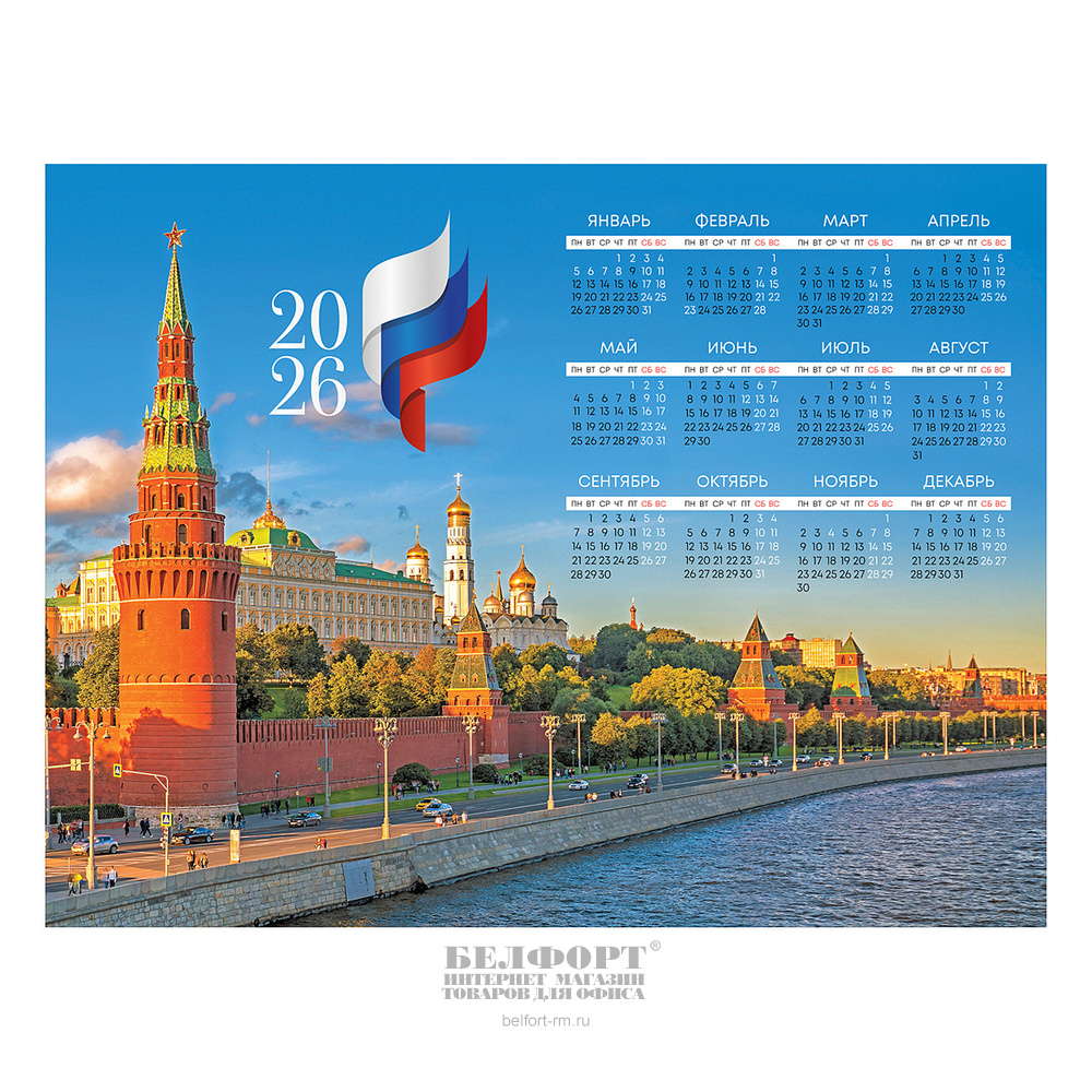 Календарь настенный листовой 2026г. А2, BG, "Москва", 59см*45см, бумага мелованная, 100г⁄м², горизонтальный, укрупненная сетка
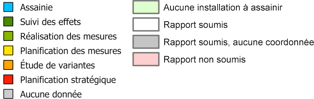 Le rapport actuel (état fin 2022) répertorie 107 installations devant faire l’objet d’un assainissement.
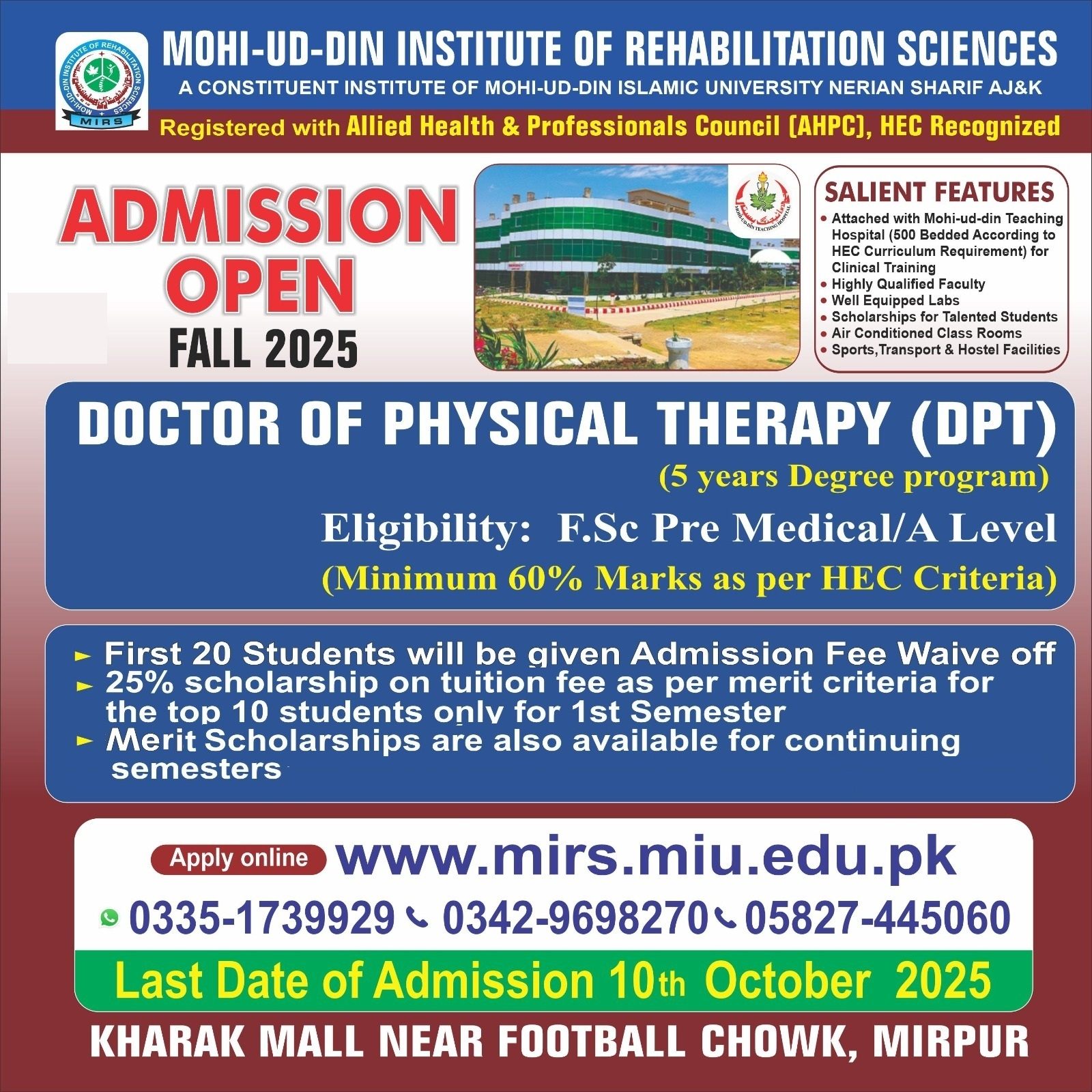 Mohi-ud-Din Institute of Rehabilitation Sciences, Mirpur AJK Admissions Fall 2025
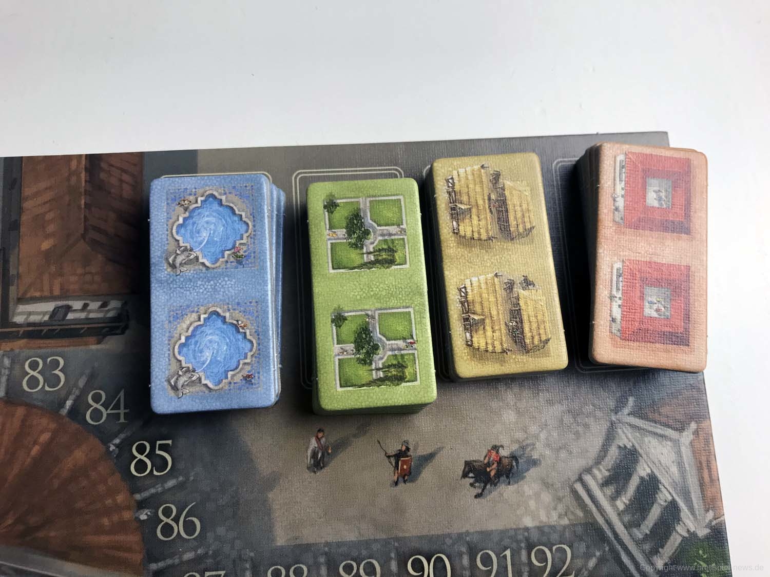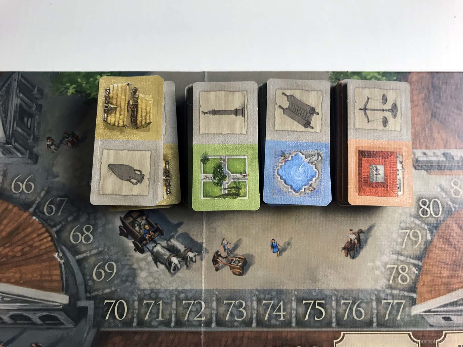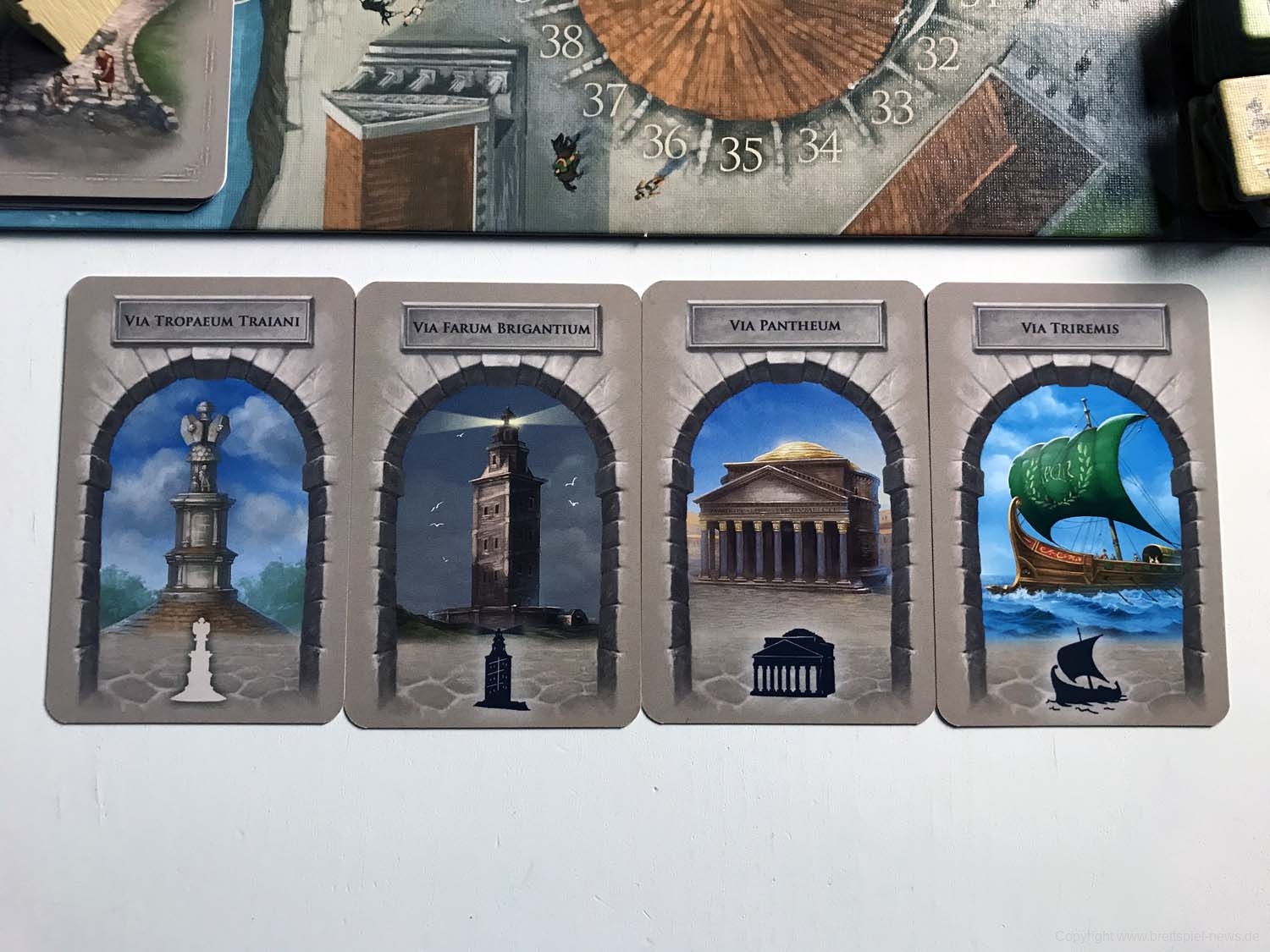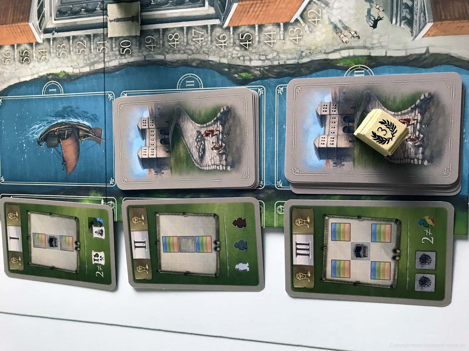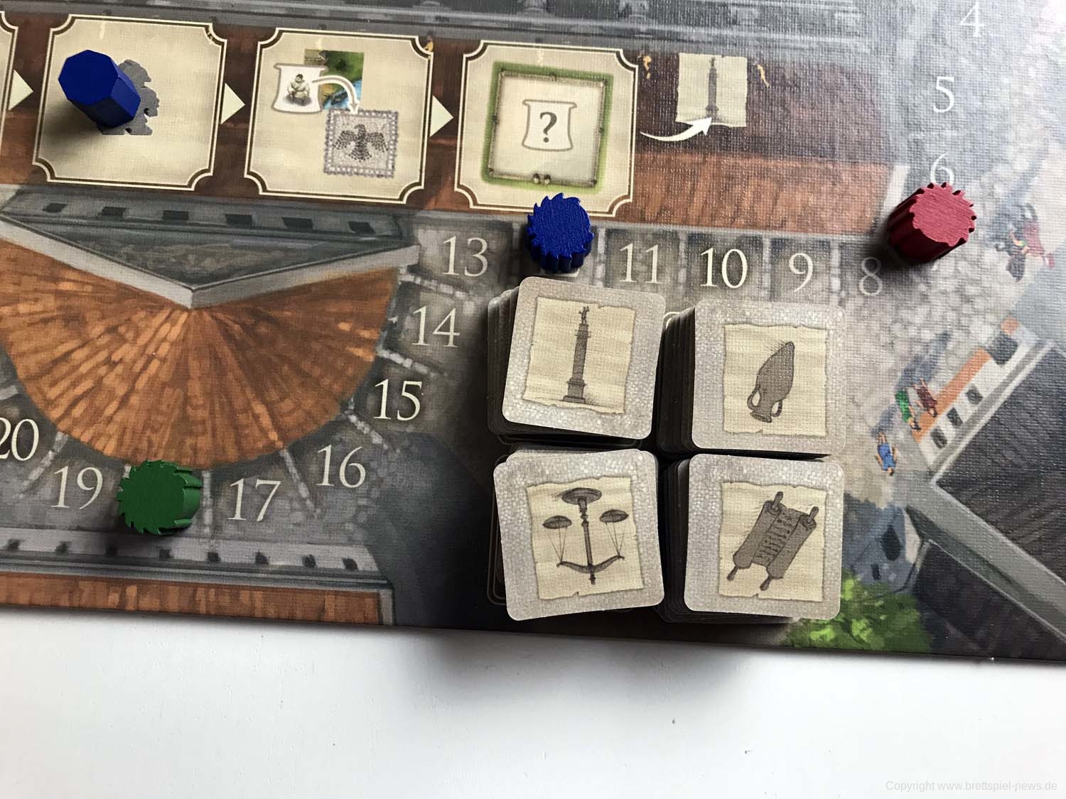 Dennoch handelt es sich bei FORUM TRAJANUM nicht um ein schlechtes Spiel. Die Regel ist verständlich geschrieben und wird auf kleinen Übersichtskarten sinnvoll zusammengefasst. Das Material ist von sehr guter Qualität. Die Downtime zwischen den Zügen ist gering. Wer dem Spiel den bereits erwähnten Glücksfaktor verzeiht, wird zudem aufgrund der zahlreichen Siegpunktmöglichkeiten viel experimentieren können.
■ ■ ■ ■ ■ ■ ■
*Task objective:*
Output a faithful copy of the data, with each picture left out.

*Exercise result:*
 Календарь настенный листовой 2026г. А2, BG, "Москва", 59см*45см, бумага мелованная, 100г⁄м², горизонтальный, укрупненная сетка
 Le rapport actuel (état fin 2022) répertorie 107 installations devant faire l’objet d’un assainissement.
 Mohi-ud-Din Institute of Rehabilitation Sciences, Mirpur AJK Admissions Fall 2025
 Dennoch handelt es sich bei FORUM TRAJANUM nicht um ein schlechtes Spiel. Die Regel ist verständlich geschrieben und wird auf kleinen Übersichtskarten sinnvoll zusammengefasst. Das Material ist von sehr guter Qualität. Die Downtime zwischen den Zügen ist gering. Wer dem Spiel den bereits erwähnten Glücksfaktor verzeiht, wird zudem aufgrund der zahlreichen Siegpunktmöglichkeiten viel experimentieren können.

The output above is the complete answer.